* _REQUIRED ACTION_: Retype, without changes or pictures, only the lines that begin at the one containing "I know this" and end at the last line of the records that follow.

──────── DATASET RECORDS ────────

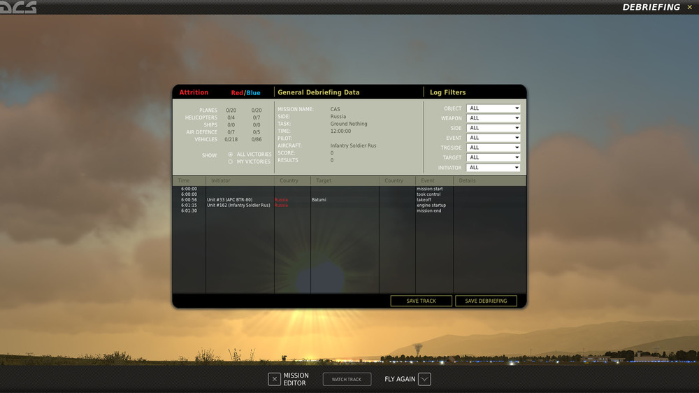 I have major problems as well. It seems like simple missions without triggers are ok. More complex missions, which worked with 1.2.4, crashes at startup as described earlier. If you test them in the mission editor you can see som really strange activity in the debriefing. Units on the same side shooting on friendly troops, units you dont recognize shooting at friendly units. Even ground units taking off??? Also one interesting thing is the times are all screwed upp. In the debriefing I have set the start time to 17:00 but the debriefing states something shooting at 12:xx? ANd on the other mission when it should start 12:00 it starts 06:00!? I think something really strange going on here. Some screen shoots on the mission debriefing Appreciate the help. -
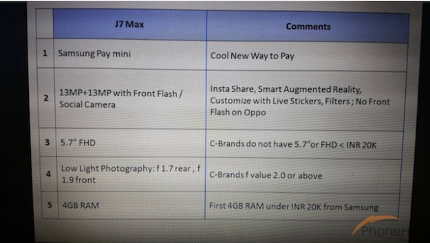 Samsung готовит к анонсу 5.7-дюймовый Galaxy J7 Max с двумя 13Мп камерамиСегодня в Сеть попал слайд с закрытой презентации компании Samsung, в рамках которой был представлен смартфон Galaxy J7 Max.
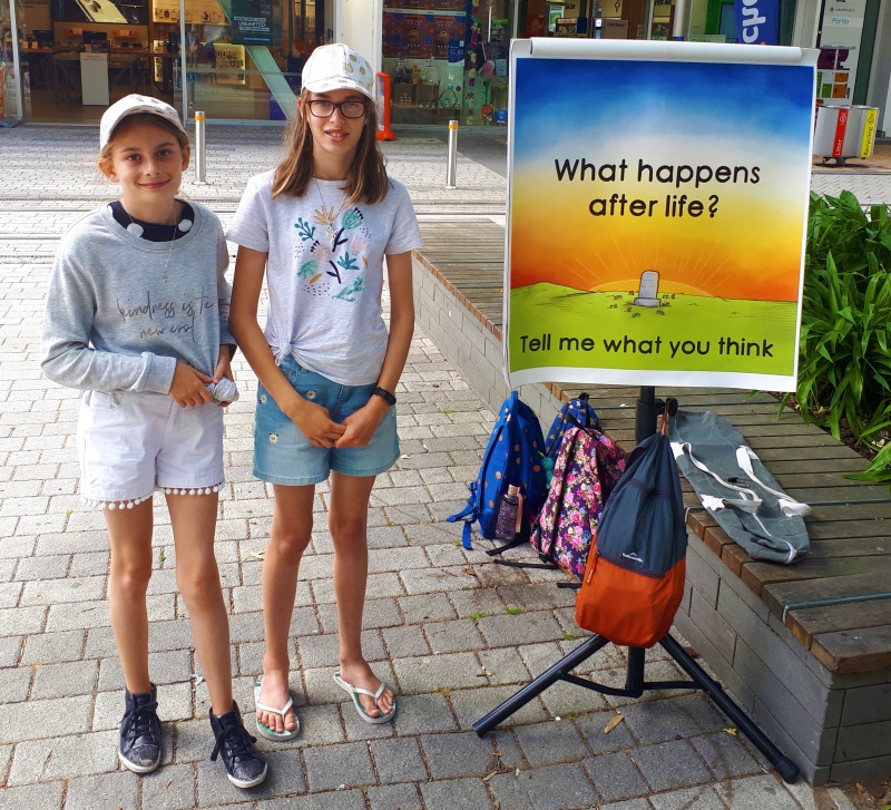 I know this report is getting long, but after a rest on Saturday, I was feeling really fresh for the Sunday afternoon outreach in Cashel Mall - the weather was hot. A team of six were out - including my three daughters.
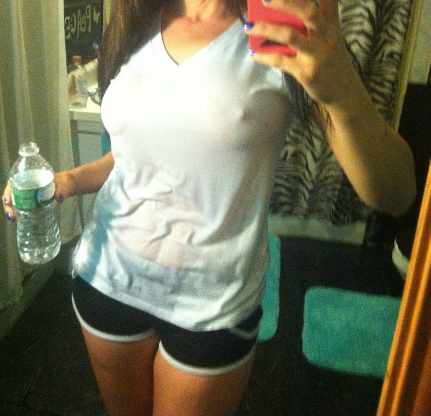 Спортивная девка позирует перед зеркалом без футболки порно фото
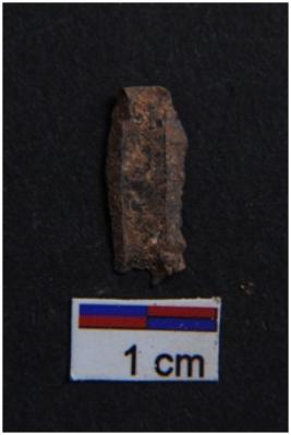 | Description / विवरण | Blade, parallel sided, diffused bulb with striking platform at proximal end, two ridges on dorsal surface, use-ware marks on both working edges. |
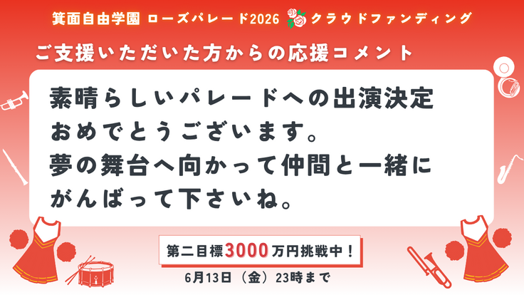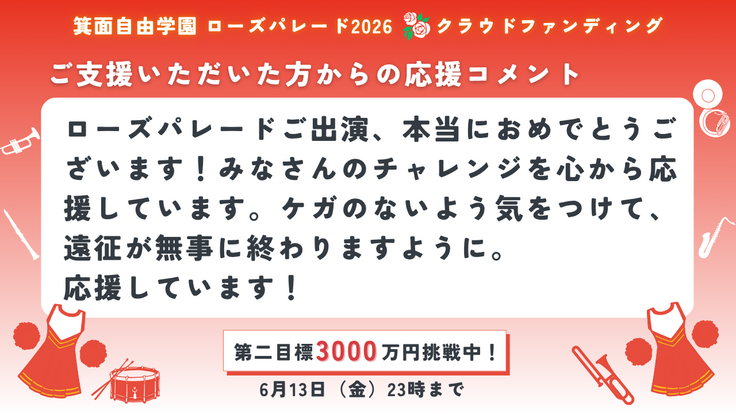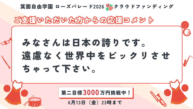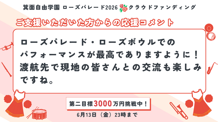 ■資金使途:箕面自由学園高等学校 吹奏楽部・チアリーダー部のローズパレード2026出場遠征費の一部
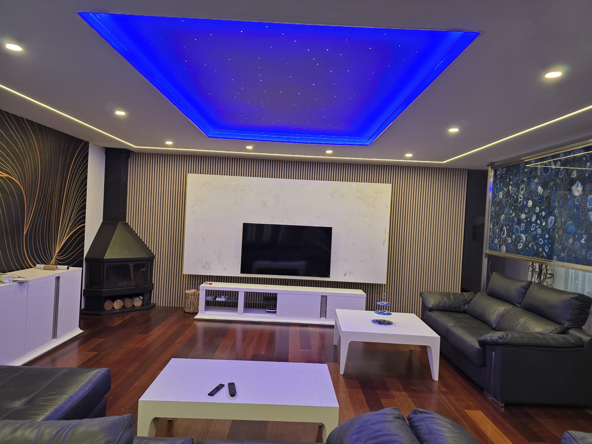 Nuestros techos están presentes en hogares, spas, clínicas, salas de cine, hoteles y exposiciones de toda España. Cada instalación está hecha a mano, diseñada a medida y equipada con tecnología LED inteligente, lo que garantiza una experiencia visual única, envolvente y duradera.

────────

* _SOLUTION TO THE PROBLEM_:
 I know this report is getting long, but after a rest on Saturday, I was feeling really fresh for the Sunday afternoon outreach in Cashel Mall - the weather was hot. A team of six were out - including my three daughters.
 Спортивная девка позирует перед зеркалом без футболки порно фото
 | Description / विवरण | Blade, parallel sided, diffused bulb with striking platform at proximal end, two ridges on dorsal surface, use-ware marks on both working edges. |
 ■資金使途:箕面自由学園高等学校 吹奏楽部・チアリーダー部のローズパレード2026出場遠征費の一部
 Nuestros techos están presentes en hogares, spas, clínicas, salas de cine, hoteles y exposiciones de toda España. Cada instalación está hecha a mano, diseñada a medida y equipada con tecnología LED inteligente, lo que garantiza una experiencia visual única, envolvente y duradera.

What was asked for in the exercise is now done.